Paulo Freire’s Pedagogy of the Oppressed was an intellectual and education-changing experience for me in graduate school that continues to shape how I teach, research, and engage the world. Freire’s theory of conscientização (translated from Portuguese as “critical consciousness,” “consciousness raising,” or “critical awareness”) clarified for me Carter G. Woodson’s and Amilcar Cabral’s contentions about the importance of culture in liberating oppressed people. Freire’s book revealed for me the intricate process through which societal systems of oppression, like white supremacy, solidify their domination through organized control of people’s cultural lives.

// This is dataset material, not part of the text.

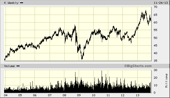 Kellogg (K), together with its subsidiaries, manufactures and markets ready-to-eat cereal and convenience food products primarily in North America, Europe, Latin America, and the Asia Pacific. The company has paid dividends since 1925 and has increased them for nine years in a row. Between 1960 and 2001, the company had raised annual dividends every year.

Similar to C. Wright Mills’s sociological imagination, Freire’s conscientização theory provided me with a collaboration road map for creating my and everyday people’s capacity to transform ourselves and the world. To arrive here, Freire’s Pedagogy of the Oppressed convincingly illustrates how people could be equipped with the ability to “read” the society around them. To develop this efficacy, Freire contends it is important for people to see through the false notion that the educational process is neutral. Accepting this fallacious assumption leads people to be unreflective about how power shapes education, which in turn informs how we make sense of oppressive conditions and ourselves. This simple but crucial insight made it clear to me that my research and teaching must always dispel the notion that education and science are apolitical to facilitate people’s movement away from being passive recipients of knowledge. To ensure this change, Pedagogy of the Oppressed advocates engaging in a “problem-posing” approach whereby people are active participants in the development of knowledge. This approach virtually guarantees that people link knowledge to action to actively work toward changing society.
To liberate oppressed people’s minds and bodies from oppression, Freire, like Karl Marx, Antonio Gramsci, Aimé Césaire, and Stuart Hall, noted that the first step is for the oppressed to reject oppressors’ conceptions of their reality and themselves. By making this break, the oppressed eschew the assumed supremacy of oppressors’ culture (ways of knowing and living) to embrace their own power to make history and transform the world. For culture carries the seeds of liberation from oppression, given it is a reservoir of history that evolves and equips the oppressed with a repertoire of existing and newly created reactions to sociopolitical and economic oppression. Pedagogy of the Oppressed remains my constant companion throughout my endeavor to help create a human-centered world grounded in human decency, dignity, and rights.